== Material provided ==
________
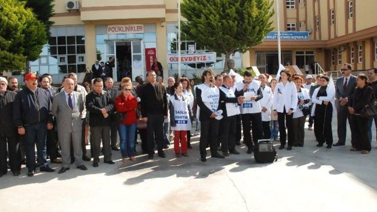 Türkiye genelinde sağlıkta şiddet ve sorunlara dikkat çekmek için gerçekleşen eylem kapsamında Didim’de de hekimler ve sağlık çalışanları bir günlük iş bıraktı.
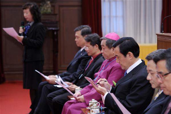 會中,訪賓由鄭貴英長老(基督教暖暖長老會)代表向總統宣讀呈文,朱台深牧師(基督教臺北榮耀堂)及吳錤長老(國際基甸會中華民國總會)分別致贈總統「基督教與辛亥百年同行的軌跡」書籍影片與「聖經」,並由賴榮信主教(臺灣聖公會)為總統與國家祈福。
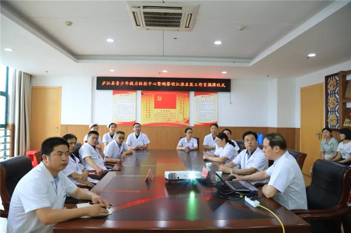 6月29日上午,庐江县青少年视力防控中心在县中医院正式揭成立,同时揭成立的还有“陶黎明专家团队工作室”。安徽医科大学第二附属医院眼科陶黎明专家团队,县卫健委党委书记、主任董林,县中医院导班子成员及部分科室负责人出席揭仪式。新成立的青少年视力防控中心将专业从事青少年学生近视、 远视、 散光、斜视、弱视等防控工作。
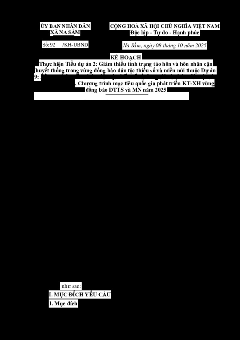 | Tiêu đề văn bản | Thực hiện Tiểu dự án 2: Giảm thiểu tình trạng tảo hôn và hôn nhân cận huyết thống trong vùng đồng bào dân tộc thiểu số và miền núi thuộc Dự án 9: Đầu tư phát triển nhóm dân tộc thiểu số rất ít người và nhóm dân tộc còn nhiều khó khăn,S và MN năm 2025 | ||
________
== Your instructions ==
Copy out all the data above exactly as written. Skip the pictures.

== Reply ==
 Türkiye genelinde sağlıkta şiddet ve sorunlara dikkat çekmek için gerçekleşen eylem kapsamında Didim’de de hekimler ve sağlık çalışanları bir günlük iş bıraktı.
 會中,訪賓由鄭貴英長老(基督教暖暖長老會)代表向總統宣讀呈文,朱台深牧師(基督教臺北榮耀堂)及吳錤長老(國際基甸會中華民國總會)分別致贈總統「基督教與辛亥百年同行的軌跡」書籍影片與「聖經」,並由賴榮信主教(臺灣聖公會)為總統與國家祈福。
 6月29日上午,庐江县青少年视力防控中心在县中医院正式揭成立,同时揭成立的还有“陶黎明专家团队工作室”。安徽医科大学第二附属医院眼科陶黎明专家团队,县卫健委党委书记、主任董林,县中医院导班子成员及部分科室负责人出席揭仪式。新成立的青少年视力防控中心将专业从事青少年学生近视、 远视、 散光、斜视、弱视等防控工作。
 | Tiêu đề văn bản | Thực hiện Tiểu dự án 2: Giảm thiểu tình trạng tảo hôn và hôn nhân cận huyết thống trong vùng đồng bào dân tộc thiểu số và miền núi thuộc Dự án 9: Đầu tư phát triển nhóm dân tộc thiểu số rất ít người và nhóm dân tộc còn nhiều khó khăn,S và MN năm 2025 | ||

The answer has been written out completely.